CINCINNATI — Shogo Akiyama knew the Reds were the only Major League Baseball team that never had a player born in Japan. The chance to break a barrier was part of his impetus to sign.
Akiyama got a $21 million, three-year deal this week with the Reds. They introduced him Wednesday at Great American Ball Park, where the five-time Japanese All-Star figures to play one of the outfield spots and bat leadoff if he can duplicate his stats with the Seibu Lions in the major leagues.
“The fact that they’ve never had a Japanese player was something that was very attractive, and their presentation was impressive,” Akiyama said, through translator Roger Kahlon. “It made me want to play here.”
The Reds scouted the 31-year-old outfielder for the last few seasons in Japan’s Pacific League and made the biggest push to sign him when he became a free agent, which also made an impression when he came down to choosing among the Reds, Padres and Cubs.
"The Reds were the first team that made an offer to me. I was very inspired by their passion as to how much they wanted me. I wanted to respond to that. That's why I chose the Reds," Akiyama said.
“We were the first team to approach him, the first to give him scouting materials, the first team he met with at the Winter Meetings and the first to offer him a contract,” said Dick Williams, the Reds president of baseball operations.
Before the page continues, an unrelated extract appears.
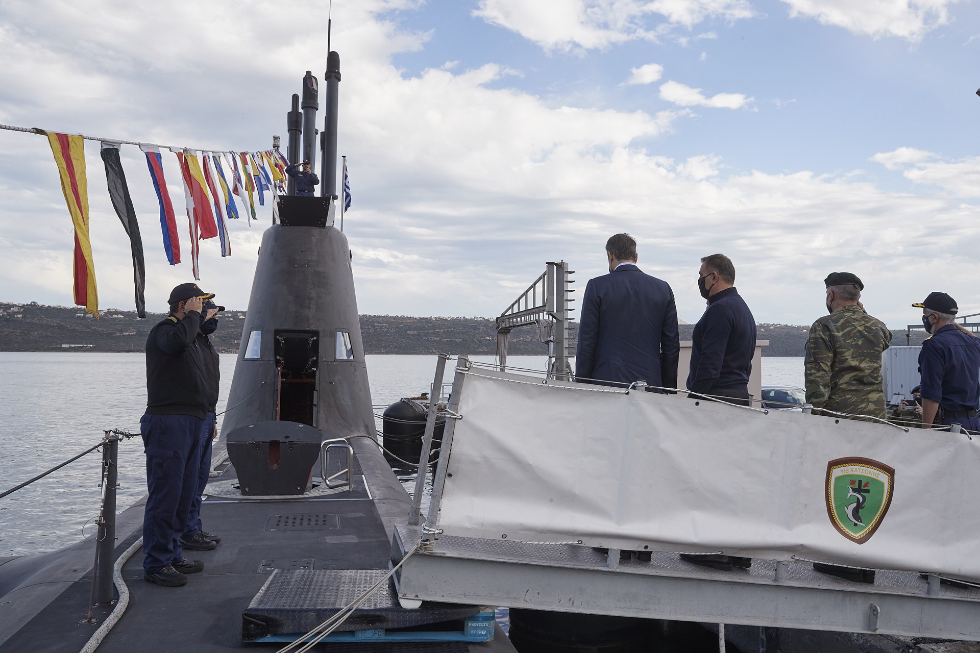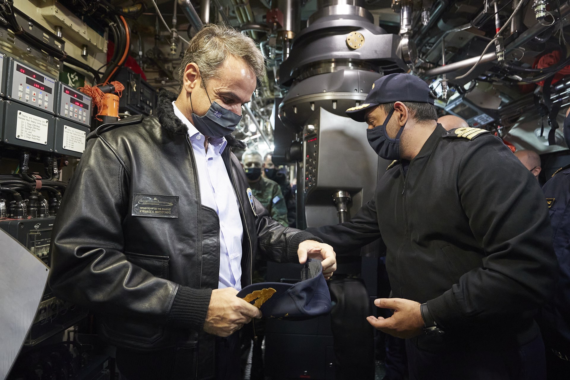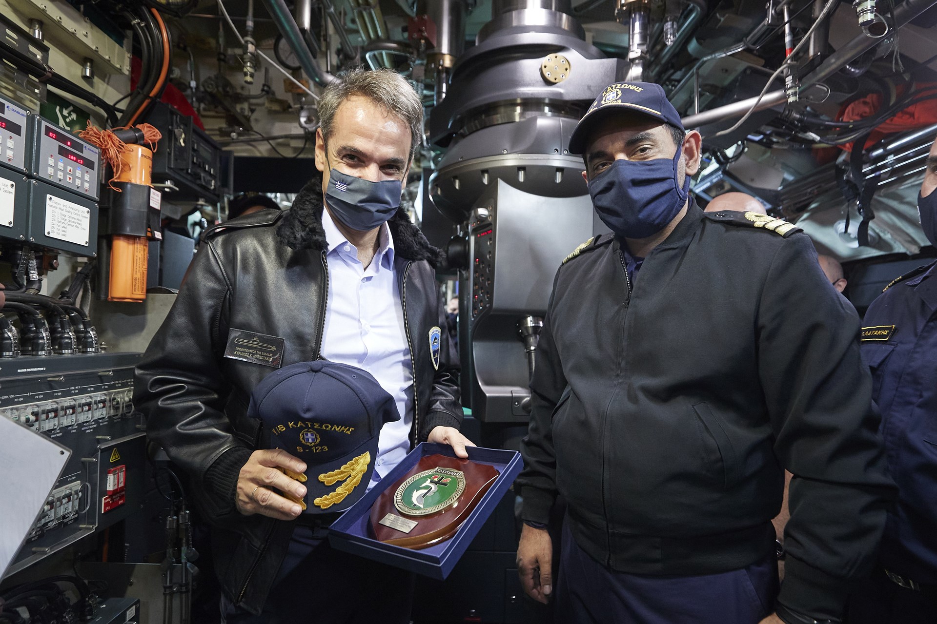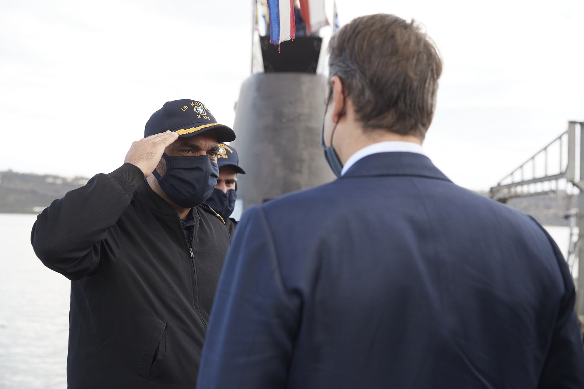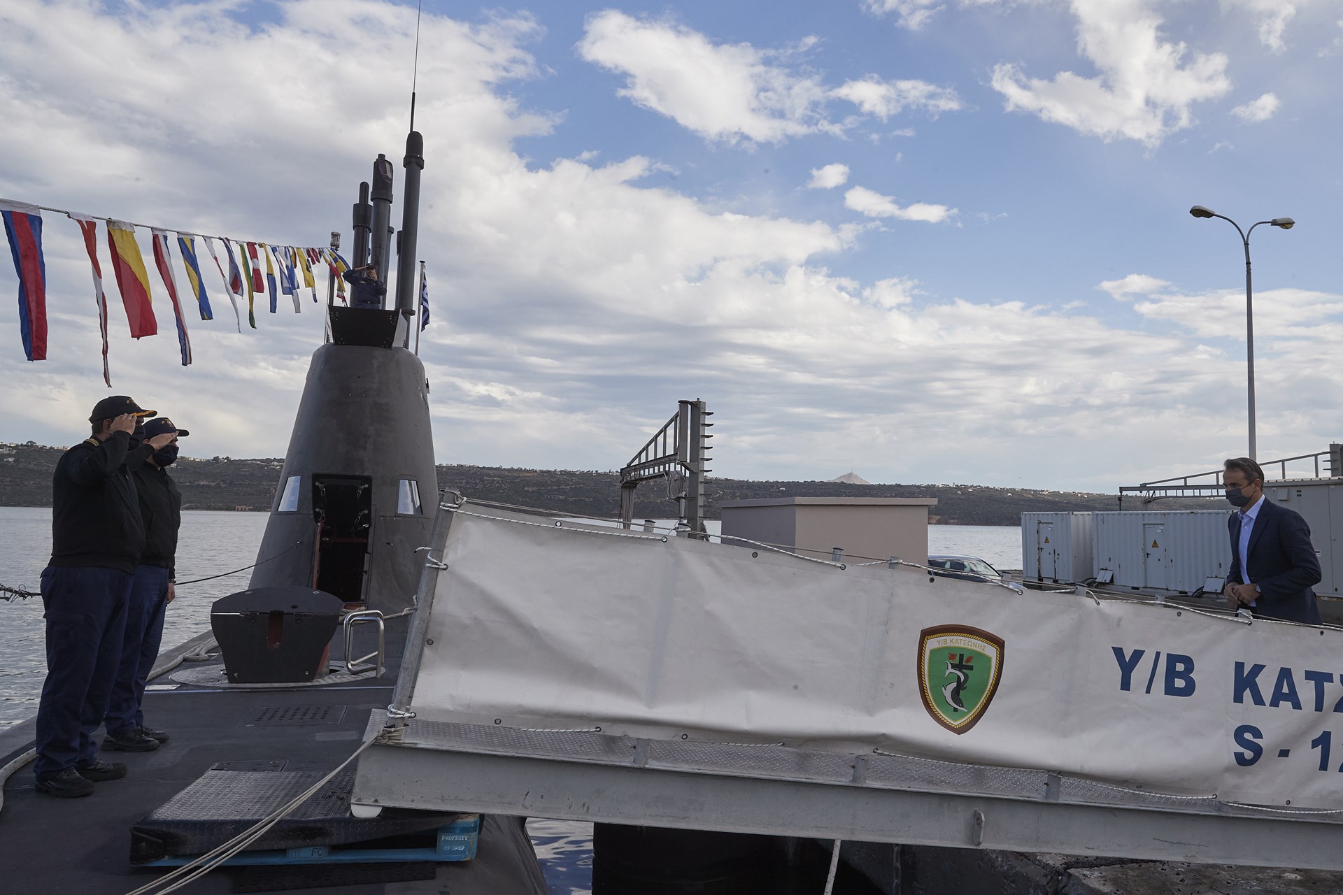 Στη Σούδα βρέθηκε ο Πρωθυπουργός Κυριάκος Μητσοτάκης και είχε την ευκαιρία να επιβιβαστεί στο υποβρύχιο “Κατσώνης”, όπου και συνομίλησε με το πλήρωμα. Κατά την άφιξή του στον Ναύσταθμο Κρήτης, ο Πρωθυπουργός πραγματοποίησε μια σύντομη στάση στο εκκλησάκι της Αγίας Βαρβάρας και στη συνέχεια επιθεώρησε άγημα αποδόσεως τιμών, ενώ αμέσως μετά εισήλθε στο εσωτερικό του υποβρυχίου προκειμένου να συνομιλήσει με το πλήρωμα και στο πρόσωπό τους να ευχαριστήσει όλο το προσωπικό των Ενόπλων Δυνάμεων για τις πολύτιμες υπηρεσίες που προσφέρει στην πατρίδα.

The deal includes salaries of $6 million this year, $7 million in 2021 and $8 million in 2022. If traded, Akiyama would get a $1 million assignment bonus from the team that acquires him. He can’t be sent to the minors without his consent.
Akiyama would get $250,000 for winning Rookie of the Year, $200,000 for finishing second and $150,000 for third through fifth, and the same amounts for his finish in league MVP voting. He also would get $100,000 each for All-Star selection and winning a Gold Glove or Silver Slugger.
The deal also includes standard perks given to Japanese players joining an MLB club, including a team-provided interpreter, personal trainer, one-time moving allowance, English lessons for himself and family, and round-trip business class airline tickets to the U.S.
Ideally, Akiyama would give the Reds the leadoff hitter they haven't had since South Korean-born Shin-Soo Choo in 2013 as they try to emerge from a streak of six straight losing seasons. They finished near the bottom of the NL in runs last season despite playing in one of the most hitter-friendly ballparks.
"I'm not a power hitter. I focus more on contact, getting on base, helping my team get runs. I feel like that's my strength. That'll be what I focus on," Akiyama said.
During nine seasons in the Japanese major leagues, Akiyama batted .301 and was honored four times as one of the league’s top defensive outfielders. He set a Nippon Professional Baseball season record with 216 hits in 2015.
With Seibu last season, he batted .303 with 31 doubles, four triples, 20 homers and 62 RBIs, winning his fifth All-Star spot.
“Shogo excels in so many of the areas that we identified as areas in which we wanted to get better,” Reds manager David Bell said. “He’s going to play, and he’s going to play a lot. We have to see how it all shakes out, but with the way he plays, we project him as being at the top of the lineup.”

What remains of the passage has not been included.